▶ _Supplied entries_:

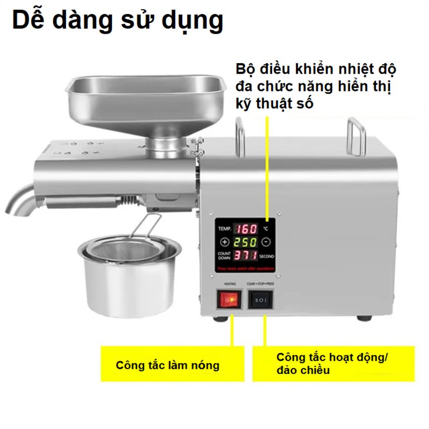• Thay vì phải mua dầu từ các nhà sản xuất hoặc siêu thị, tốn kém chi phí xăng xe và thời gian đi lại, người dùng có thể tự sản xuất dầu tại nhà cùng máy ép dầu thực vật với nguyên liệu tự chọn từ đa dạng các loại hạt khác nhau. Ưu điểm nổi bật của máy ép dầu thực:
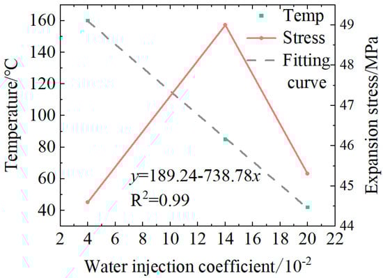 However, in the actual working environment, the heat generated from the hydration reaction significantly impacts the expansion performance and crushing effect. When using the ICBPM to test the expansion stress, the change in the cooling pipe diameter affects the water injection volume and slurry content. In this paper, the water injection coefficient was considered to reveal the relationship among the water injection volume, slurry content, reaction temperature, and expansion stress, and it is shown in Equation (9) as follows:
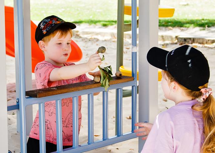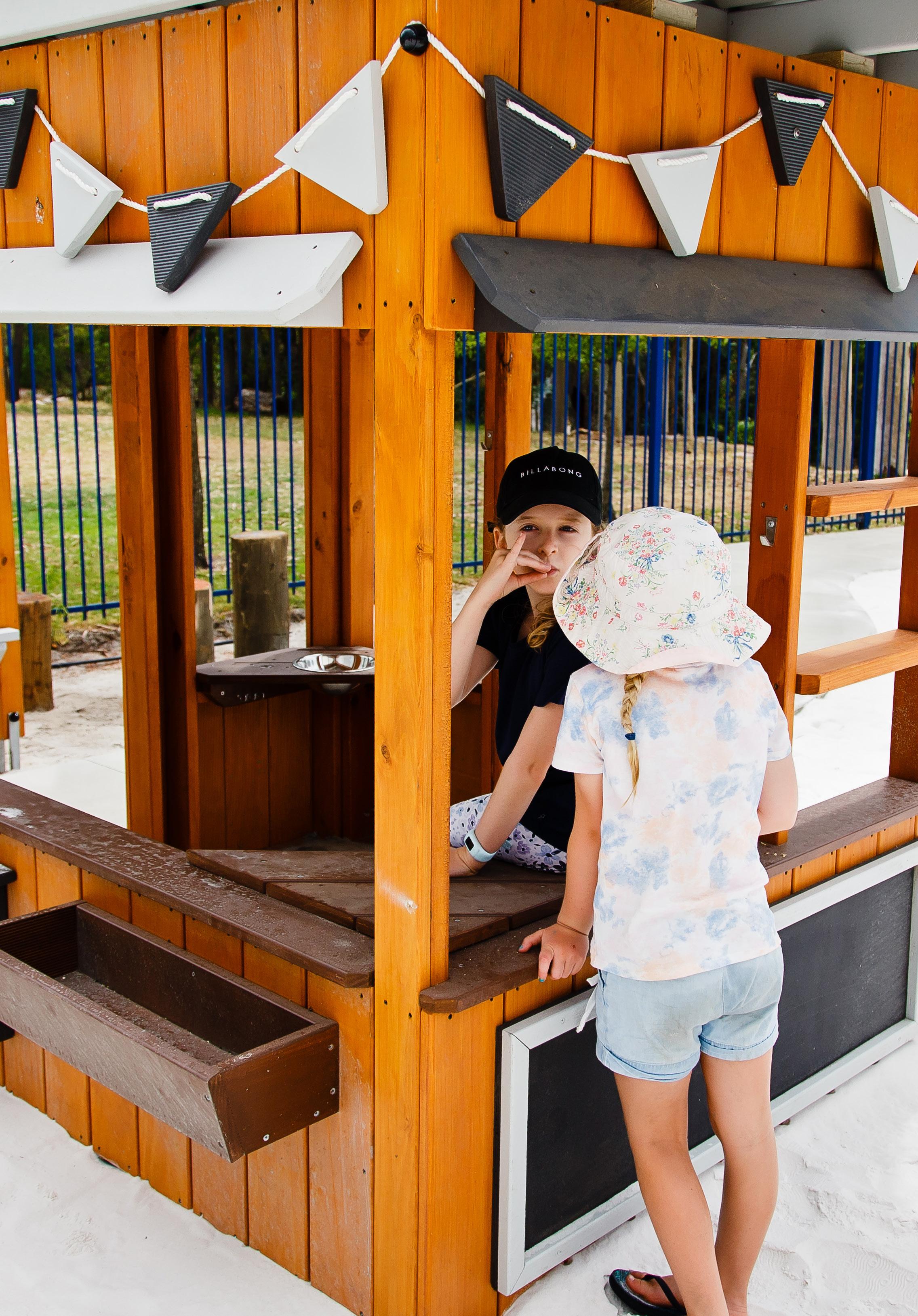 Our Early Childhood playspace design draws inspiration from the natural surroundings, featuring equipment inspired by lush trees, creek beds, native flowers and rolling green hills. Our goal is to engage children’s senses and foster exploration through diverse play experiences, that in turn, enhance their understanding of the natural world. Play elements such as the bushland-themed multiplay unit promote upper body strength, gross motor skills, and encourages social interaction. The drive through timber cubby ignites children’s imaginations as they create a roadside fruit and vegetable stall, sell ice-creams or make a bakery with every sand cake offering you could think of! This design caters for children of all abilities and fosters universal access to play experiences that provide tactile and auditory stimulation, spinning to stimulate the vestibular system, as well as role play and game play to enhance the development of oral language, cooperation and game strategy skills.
* * *
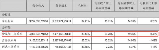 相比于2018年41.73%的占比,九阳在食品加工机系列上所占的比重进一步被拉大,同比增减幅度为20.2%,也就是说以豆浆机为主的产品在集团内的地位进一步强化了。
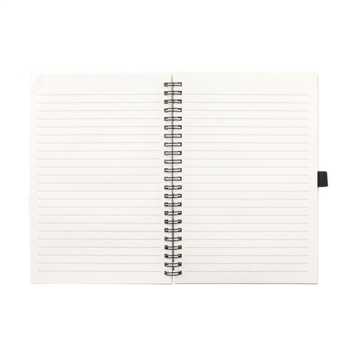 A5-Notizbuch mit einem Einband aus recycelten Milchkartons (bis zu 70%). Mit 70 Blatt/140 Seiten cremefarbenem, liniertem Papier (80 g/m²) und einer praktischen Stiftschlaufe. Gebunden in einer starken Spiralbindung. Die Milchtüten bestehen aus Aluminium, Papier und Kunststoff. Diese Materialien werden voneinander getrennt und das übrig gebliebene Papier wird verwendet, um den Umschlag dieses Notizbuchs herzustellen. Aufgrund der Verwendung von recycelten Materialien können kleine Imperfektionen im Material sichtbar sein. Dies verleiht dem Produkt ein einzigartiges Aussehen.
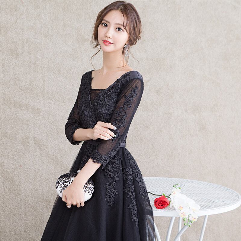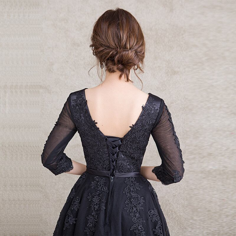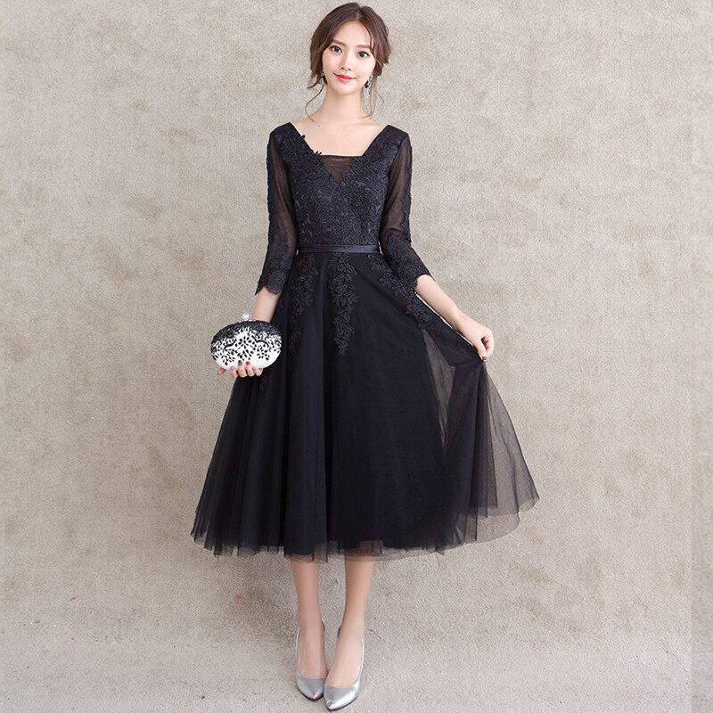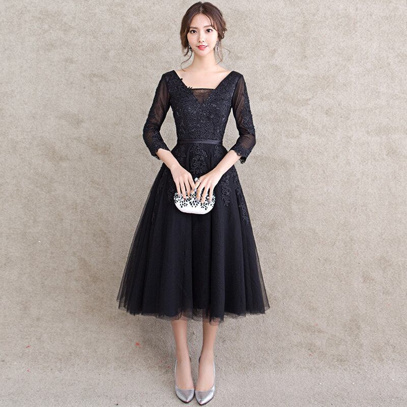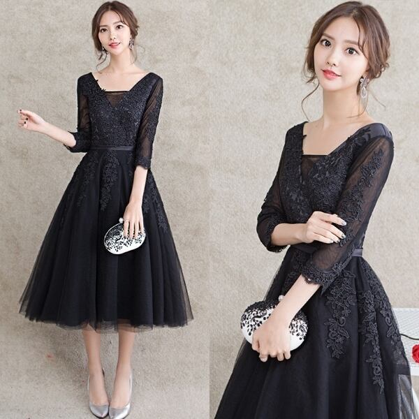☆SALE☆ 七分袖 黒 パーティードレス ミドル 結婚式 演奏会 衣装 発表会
--
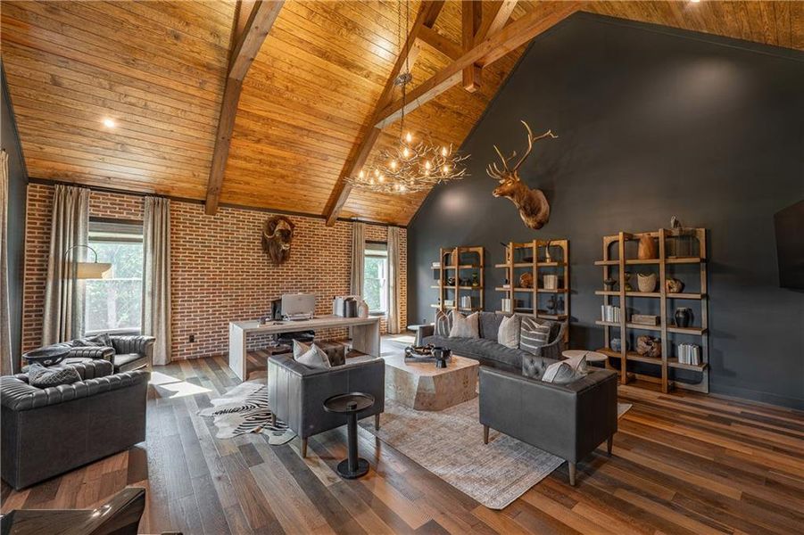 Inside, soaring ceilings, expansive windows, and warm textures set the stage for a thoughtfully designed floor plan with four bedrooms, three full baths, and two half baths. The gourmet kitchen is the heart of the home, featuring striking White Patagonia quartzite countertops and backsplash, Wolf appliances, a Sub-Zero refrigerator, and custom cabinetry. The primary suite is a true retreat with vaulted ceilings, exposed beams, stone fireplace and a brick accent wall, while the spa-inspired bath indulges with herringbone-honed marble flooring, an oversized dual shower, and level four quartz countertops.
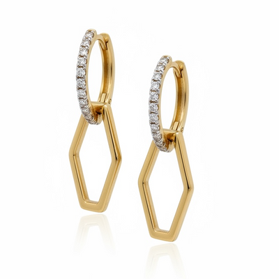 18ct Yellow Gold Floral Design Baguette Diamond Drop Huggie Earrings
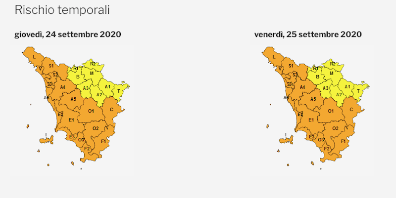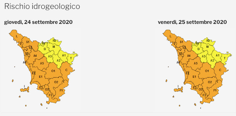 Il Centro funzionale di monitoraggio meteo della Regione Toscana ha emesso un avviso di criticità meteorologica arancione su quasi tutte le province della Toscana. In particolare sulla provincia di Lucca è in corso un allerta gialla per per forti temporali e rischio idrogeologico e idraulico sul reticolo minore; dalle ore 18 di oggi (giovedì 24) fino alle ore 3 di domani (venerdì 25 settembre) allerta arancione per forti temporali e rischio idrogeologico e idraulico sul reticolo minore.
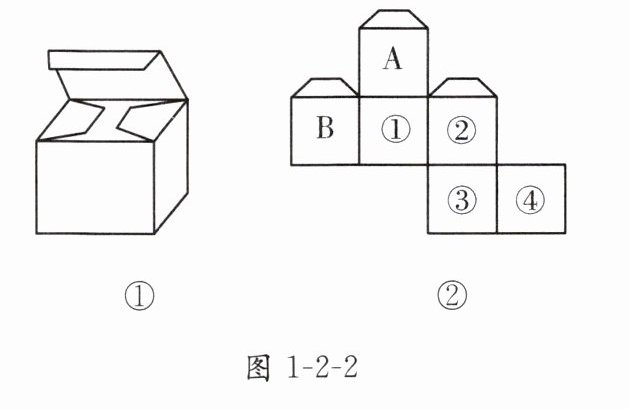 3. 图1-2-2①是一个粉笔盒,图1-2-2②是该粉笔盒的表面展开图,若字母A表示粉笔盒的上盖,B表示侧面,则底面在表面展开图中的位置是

▶ _About this task_:
While skipping the pictures, transcribe the data above from the line showing "相比于2018年41.73%" through the line showing "結婚式 演奏会 衣装 発表会", exactly and with both ends.

▶ _Response area_:
 相比于2018年41.73%的占比,九阳在食品加工机系列上所占的比重进一步被拉大,同比增减幅度为20.2%,也就是说以豆浆机为主的产品在集团内的地位进一步强化了。
 A5-Notizbuch mit einem Einband aus recycelten Milchkartons (bis zu 70%). Mit 70 Blatt/140 Seiten cremefarbenem, liniertem Papier (80 g/m²) und einer praktischen Stiftschlaufe. Gebunden in einer starken Spiralbindung. Die Milchtüten bestehen aus Aluminium, Papier und Kunststoff. Diese Materialien werden voneinander getrennt und das übrig gebliebene Papier wird verwendet, um den Umschlag dieses Notizbuchs herzustellen. Aufgrund der Verwendung von recycelten Materialien können kleine Imperfektionen im Material sichtbar sein. Dies verleiht dem Produkt ein einzigartiges Aussehen.
☆SALE☆ 七分袖 黒 パーティードレス ミドル 結婚式 演奏会 衣装 発表会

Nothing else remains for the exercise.